VfB Eichstätt: Junghan – Akmestanli, Graßl, Lamprecht, Waffler – Federl, Halbmeyer (87. Fiedler), Heinloth (71. Stoßberger), N’gatie (90. + 3 Jasmann), Pirner – Kügel (90.) Neumayer. – Trainer: Mattes.

FC Memmingen: Özhitay – Scholz, Gräser (51. Baysal), Brugger (46. Maier), Remiger – Kilic, Galinec (80. Wohnlich), Picknik – Dausch (61. Wilke), Gebhart, Leyla (80. Maxhuni). – Trainer: Kahric.

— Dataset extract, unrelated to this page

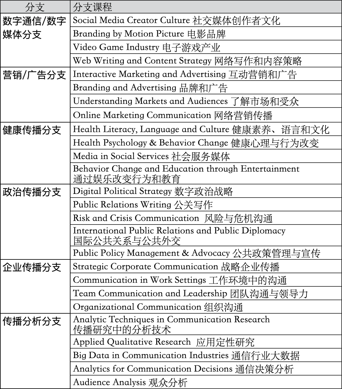 以约翰霍普金斯为例,它有5个分支方向可供学生选择,以下是各个分支的介绍以及各分支的核心课程供,仅供参考:营销传播:营销传播领域集中于与顾客、客户和组织外的普通消费者的商业沟通管理。对于在营销和销售、宣传和促销、市场研究、营销管理、社会营销、广告等方面有职业兴趣的个人来说,它特别有价值。媒体:媒体是为希望在数字媒体技术、游戏和娱乐领域追求或扩展职业生涯的学生准备的。学生将学习媒体技术和政治、社会、娱乐和全球化所带来的日益复杂的可能性。健康和社会传播:健康和社会变化沟通领域的重点是如何通过有效的信息传播来影响积极的行为和社会变化,多应用于卫生、非营利和公共部门。政治传播:这一领域集中解决从竞选战略到运营新闻办公室到影响公共政策的问题。无论人们是在执政、竞选公职,还是推动政策变化,传播都是政治的核心。公司传播:企业传播领域考察了组织内部的沟通功能以及沟通过程。对于在人力资源管理、企业沟通、战略规划、运营管理、沟通咨询和其他一般管理职能方面有职业和/或职业兴趣的个人尤其有价值。传播分析:传播分析领域是为寻求通过对数据的理解为营销、媒体和其他类型的组织提供更大价值的传播专业人士而设。重点分析领域将数据分析思维与通信管理专业知识相结合,从应用研究的角度解决问题。

Tore: 1:0 (29.) Heinloth, 2:0 (41.) N’gatie, 2:1 (49.) Dausch, 3:1 (58.) Kügel, 3:2 (66.) Baysal. Schiedsrichter: Badstübner (Windsbach). – Gelbe Karten: Heinloth / Gräser, Wilke, Gebhart. – Rote Karte: Pirner (77./grobes Foulspiel). – Besonderes Vorkommnis: Özhitay pariert Strafstoß gegen Federl (53.). – Zuschauer: 420.